_Required action:_ Take the line with "應用高精度北斗導航時空信息、" as the first and the last line of the data as the end. Write out both and every line between exactly, except pictures.

_Data shown:_
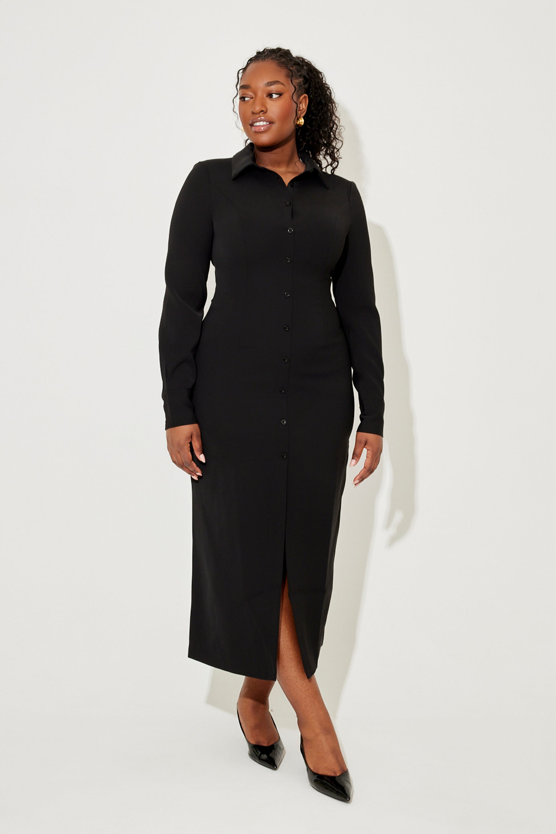 Indulge in effortless style with The Ultimate Muse Long Sleeve Collar Maxi Dress. This black, loose-fitted shirt dress takes inspiration from your favourite summer collared maxi, making it a versatile and timeless addition to your wardrobe. Elevate your look with ease, all year round.
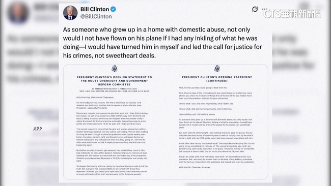 已故性犯罪富豪艾普斯坦相關風波持續延燒,繼美國前國務卿希拉蕊後,她的丈夫,美國前總統柯林頓,也在27日出席國會的閉門聽證會。柯林頓本人在聽證會後並沒有現身,但他透過書面聲明強調,他並沒有做錯任何事。
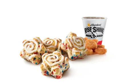 Four freshly baked, warm, fluffy star-shaped biscuit loaded with red and blue sprinkles, a trio of berry flavors, and drizzled with icing. Served with Hash Rounds® and a drink.
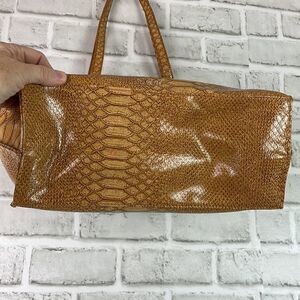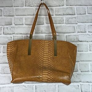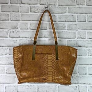 EUC Lime New! Bini Faux Leather Snake Print Tote in Golden Mustard Color Large Size
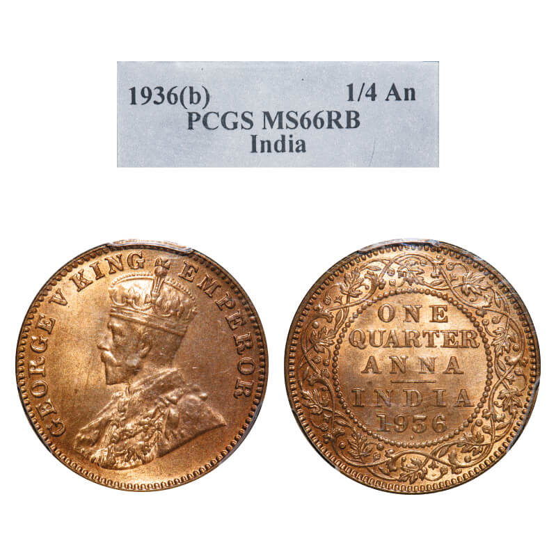 George V, Bronze, Quarter Anna, 1936, Bombay Mint, Dot. F. Prid 683. GK 1196. PCGS Slab MS 66 RB. Extremely Rare.
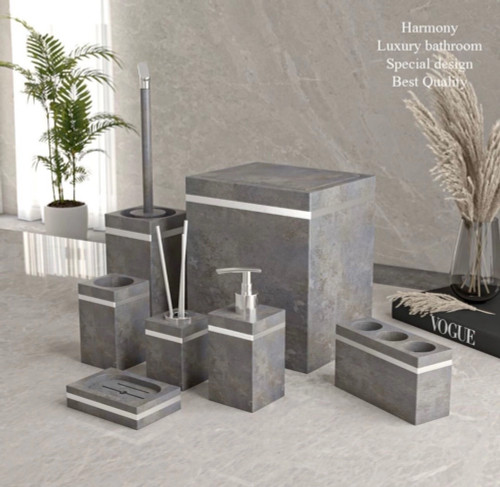 ست ۵ پارچه سرویس بهداشتی هارمونی طرح سنگ طوسی تیره کروم مدل آوا۱٬۹۷۰٬۰۰۰ تومان
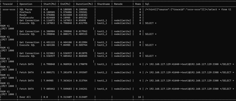 Get Connection | 从分片节点获取连接 | 从数据节点获取物理连接时间,如果时间异常,可检查连接池状态和后端数据节点最大连接数状态 |
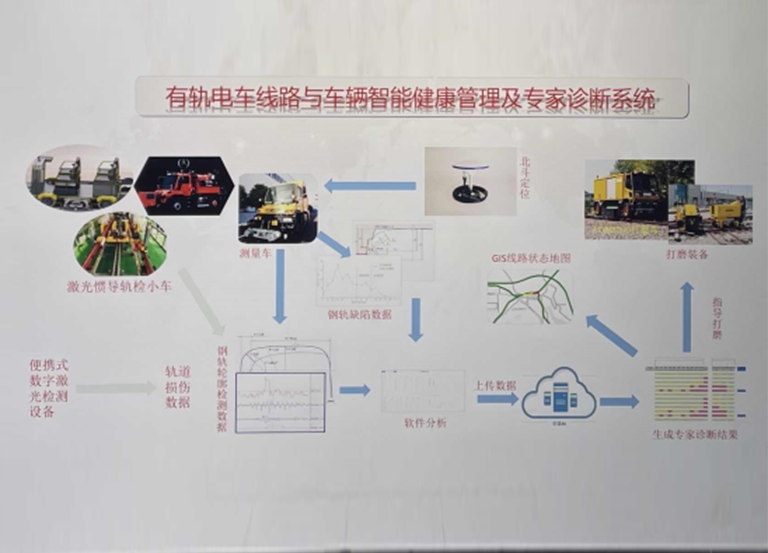 應用高精度北斗導航時空信息、開發出具備自主知識產權的智能檢測裝備,源自不同的智能檢測裝備的數據經過數據中心整理、歸并、解算,生成過程性分析數據和直觀的判斷結果,同時所有過程和結果數據上傳到云端,最終對線路狀況提供運營維保的建議和意見
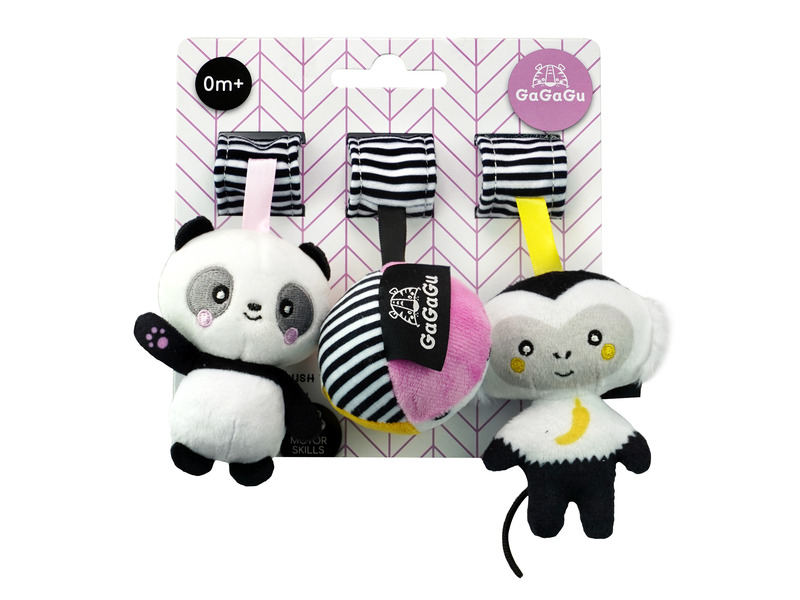 A GaGaGu Felfüggeszthető plüssök - panda, labda, majom tökéletes választás, hogy a babák vizuális és tapintási érzékelésének fejlesztését támogassuk játék közben. A kontrasztos színvilág rendkívül hatékonyan fejleszti a babák látását már a korai hónapoktól kezdve. A kényelmes, tépőzáras rögzítési mód lehetővé teszi a játék tetszőleges helyre, pl. babakocsira, kiságyra, hintára vagy autósülésre történő felakasztását. A cuki figurák nagyon könnyűek és kézre állóak, könnyen tárolhatók és ideálisak arra, hogy magunkkal vigyük egy sétára vagy utazásra.

_Answer area:_
 應用高精度北斗導航時空信息、開發出具備自主知識產權的智能檢測裝備,源自不同的智能檢測裝備的數據經過數據中心整理、歸并、解算,生成過程性分析數據和直觀的判斷結果,同時所有過程和結果數據上傳到云端,最終對線路狀況提供運營維保的建議和意見
 A GaGaGu Felfüggeszthető plüssök - panda, labda, majom tökéletes választás, hogy a babák vizuális és tapintási érzékelésének fejlesztését támogassuk játék közben. A kontrasztos színvilág rendkívül hatékonyan fejleszti a babák látását már a korai hónapoktól kezdve. A kényelmes, tépőzáras rögzítési mód lehetővé teszi a játék tetszőleges helyre, pl. babakocsira, kiságyra, hintára vagy autósülésre történő felakasztását. A cuki figurák nagyon könnyűek és kézre állóak, könnyen tárolhatók és ideálisak arra, hogy magunkkal vigyük egy sétára vagy utazásra.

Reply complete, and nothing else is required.